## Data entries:
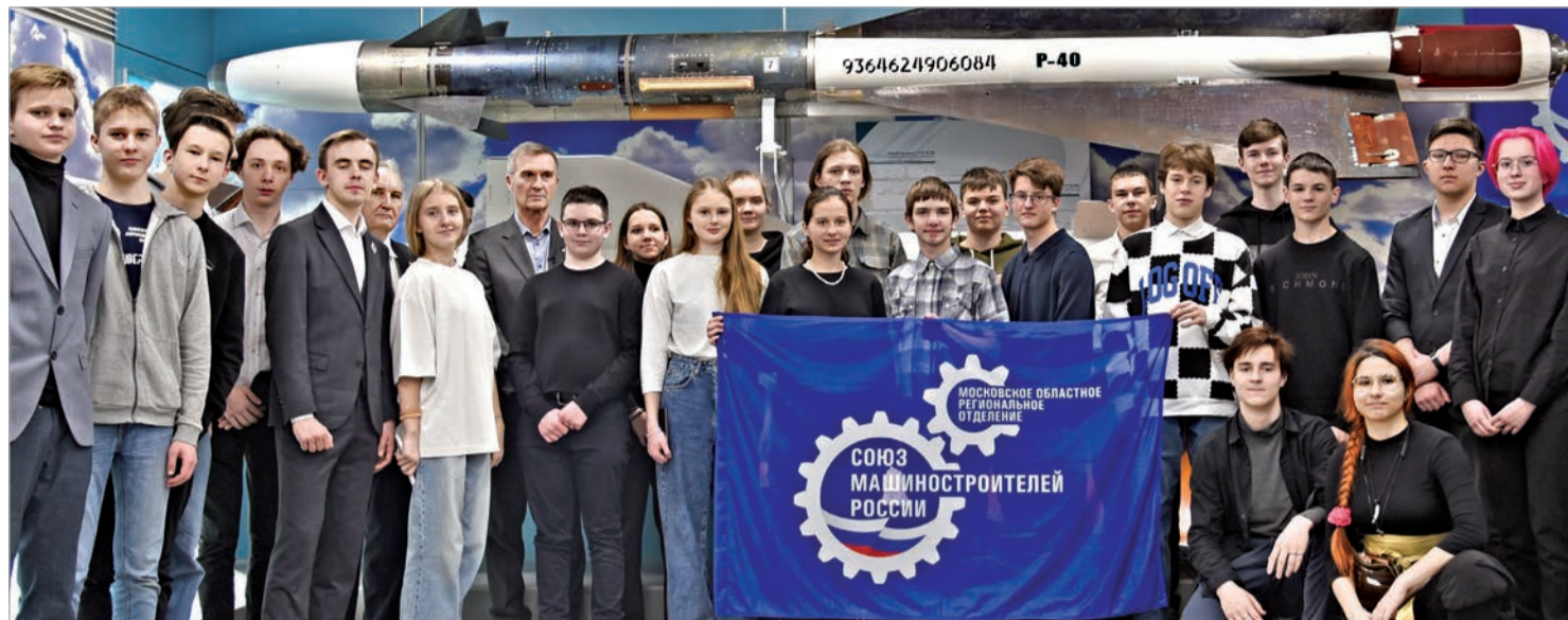
Экскурсия учащихся Преуниверсария МАИ на головном предприятии Корпорации в рамках акции «Неделя без турникетов»

– один из ведущих проектов Союза машиностроителей России, реализуемых на предприятиях КТРВ
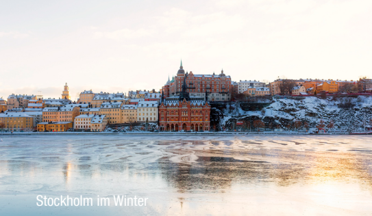
Stockholm im Winter
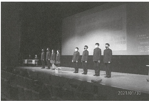
〈課題研究発表会・ステージにて〉

在校生からは、発表者の生徒に研究に関する質問をし、一生懸命に答える場面がありました。
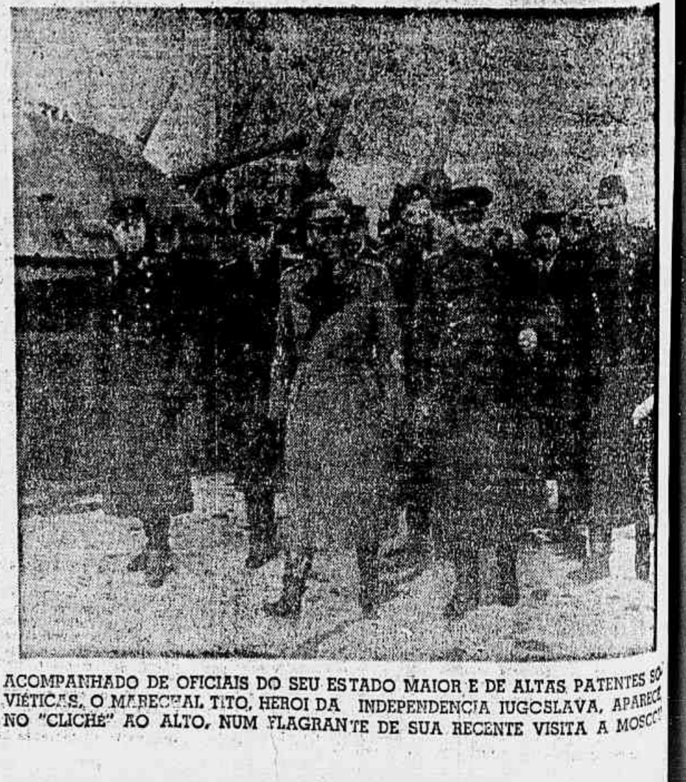
ACOMPANHADO DE OFICIAIS DO SEU ESTADO MAIOR E DE ALTAS PATENTES MILITARES, O MARECHAL TITO, HEROI DA INDEPENDENCIA IUGOSLAVA, APARECE NO "CLICHE" AO ALTO, NUM FLAGRANTE DE SUA RECENTE VISITA A MOSCOU
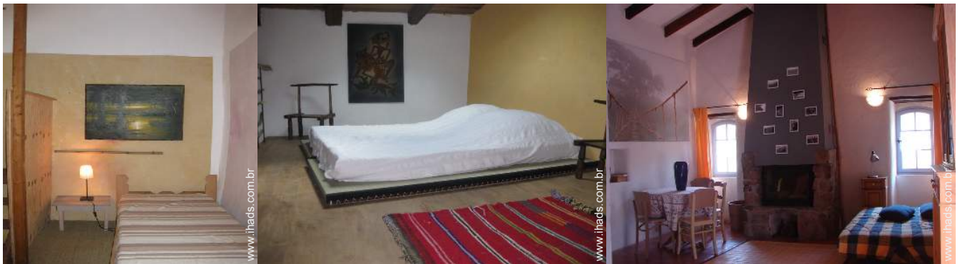
cama(s) futon de casal
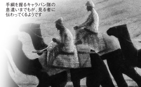
手綱を握るキャラバン隊の息遣いまでもが、見る者に伝わってくるようです

日・月セットでお買い求めいただければ ①なんと22,000円もお買い得!! 通常396,000円のところ 特別価格374,000円でご提供!! ②さらに同一エディションでお届けします
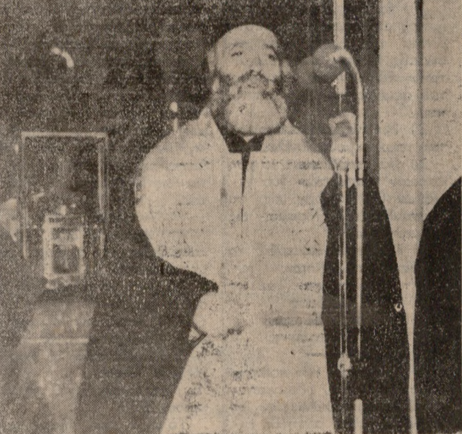
Ο ΤΟΠΟΤΗΡΗΤΗΣ ΜΗΤΡΟΠΟΛΙΤΗΣ κ. ΔΗΜΗΤΡΙΟΣ

Η ΚΗΔΕΙΑ του Μακαριστού Αρχιεπισκόπου Κρήτης κυρού Εγγενίου θα γίνει το Σάββατο το πρωί στις 11 από το Μητροπολιτικό Ναό του Αγίου Μηνά. Την απόφαση αυτή έλασε η Γενική Επαρχιακή Σύνοδος της Εκκλησίας Κρήτης, η οποία συνεδρίασε χθές το βράδυ υπό την προεδρία του Τοποτηρητού Μητροπολίτου Πέτρας κ. Δημητρίου. Επίσης η Σύνοδος πήρε τις ακόλουθες αποφάσεις:
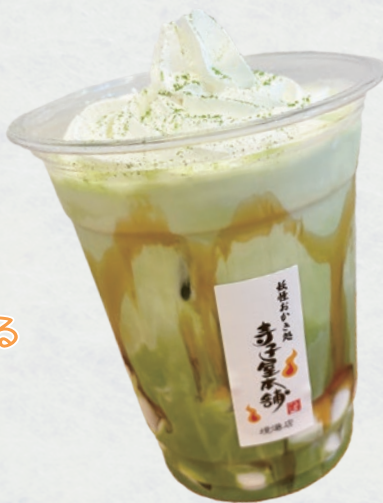
わらび餅抹茶ラテ 650円

☎ 境港市松ヶ枝町23 🕒 10:00~17:00 (店内飲食 L.O.16:30) 📅 水曜 (祝日の場合別日代休) 📧 @kogane.terrace_atelier

## Task requirements:
Set down every record exactly, without the pictures.

## Result:
Экскурсия учащихся Преуниверсария МАИ на головном предприятии Корпорации в рамках акции «Неделя без турникетов»

– один из ведущих проектов Союза машиностроителей России, реализуемых на предприятиях КТРВ
Stockholm im Winter
〈課題研究発表会・ステージにて〉

在校生からは、発表者の生徒に研究に関する質問をし、一生懸命に答える場面がありました。
ACOMPANHADO DE OFICIAIS DO SEU ESTADO MAIOR E DE ALTAS PATENTES MILITARES, O MARECHAL TITO, HEROI DA INDEPENDENCIA IUGOSLAVA, APARECE NO "CLICHE" AO ALTO, NUM FLAGRANTE DE SUA RECENTE VISITA A MOSCOU
cama(s) futon de casal
手綱を握るキャラバン隊の息遣いまでもが、見る者に伝わってくるようです

日・月セットでお買い求めいただければ ①なんと22,000円もお買い得!! 通常396,000円のところ 特別価格374,000円でご提供!! ②さらに同一エディションでお届けします
Ο ΤΟΠΟΤΗΡΗΤΗΣ ΜΗΤΡΟΠΟΛΙΤΗΣ κ. ΔΗΜΗΤΡΙΟΣ

Η ΚΗΔΕΙΑ του Μακαριστού Αρχιεπισκόπου Κρήτης κυρού Εγγενίου θα γίνει το Σάββατο το πρωί στις 11 από το Μητροπολιτικό Ναό του Αγίου Μηνά. Την απόφαση αυτή έλασε η Γενική Επαρχιακή Σύνοδος της Εκκλησίας Κρήτης, η οποία συνεδρίασε χθές το βράδυ υπό την προεδρία του Τοποτηρητού Μητροπολίτου Πέτρας κ. Δημητρίου. Επίσης η Σύνοδος πήρε τις ακόλουθες αποφάσεις:
わらび餅抹茶ラテ 650円

☎ 境港市松ヶ枝町23 🕒 10:00~17:00 (店内飲食 L.O.16:30) 📅 水曜 (祝日の場合別日代休) 📧 @kogane.terrace_atelier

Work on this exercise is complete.